ASSIGNMENT: Every line from the one with "На фиг.6 схематично" to the end of the listing, and nothing else, is to be printed exactly; please leave the pictures out.

SUPPLIED DATA:
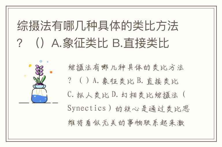 综摄法(Synectics)的核心是通过类比思维将看似无关的事物联系起来激发创新,其经典类比方法包括拟人类比、直接类比和象征类比,部分理论还扩展至想象类比等类型。以下是具体分类及解析:
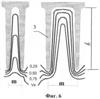 На фиг.6 схематично представлены изолинии скорости потока в межреберных каналах в зависимости от их ширины.
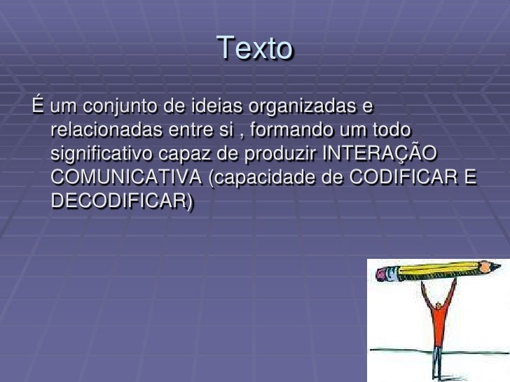 2. 2. Texto É um conjunto de ideias organizadas e relacionadas entre si , formando um todo significativo capaz de produzir INTERAÇÃO COMUNICATIVA (capacidade de CODIFICAR E DECODIFICAR)
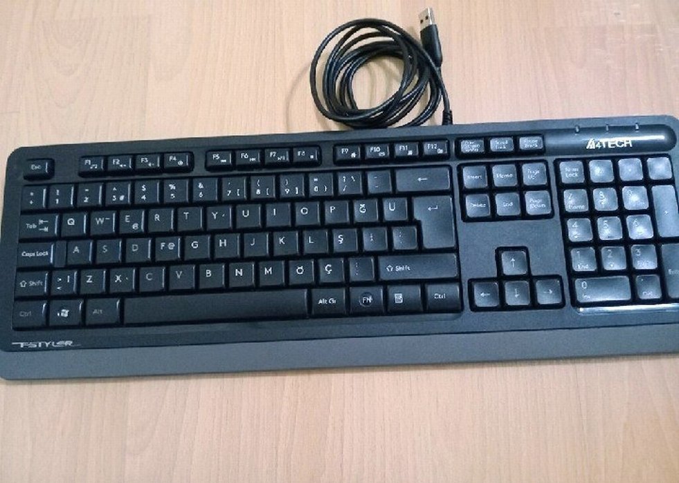 Kablolu siyah klavye, Türkçe Q düzeni, standart fonksiyon tuşları ve sayısal tuş takımı içerir. USB bağlantılıdır. ⌨️
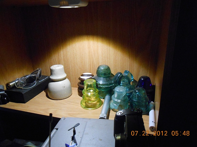 Photograph of a shelving unit (cabinet-like in its configuration!) solely illuminated by this product.

RESPONSE FOR THIS EXERCISE:
 На фиг.6 схематично представлены изолинии скорости потока в межреберных каналах в зависимости от их ширины.
 2. 2. Texto É um conjunto de ideias organizadas e relacionadas entre si , formando um todo significativo capaz de produzir INTERAÇÃO COMUNICATIVA (capacidade de CODIFICAR E DECODIFICAR)
 Kablolu siyah klavye, Türkçe Q düzeni, standart fonksiyon tuşları ve sayısal tuş takımı içerir. USB bağlantılıdır. ⌨️
 Photograph of a shelving unit (cabinet-like in its configuration!) solely illuminated by this product.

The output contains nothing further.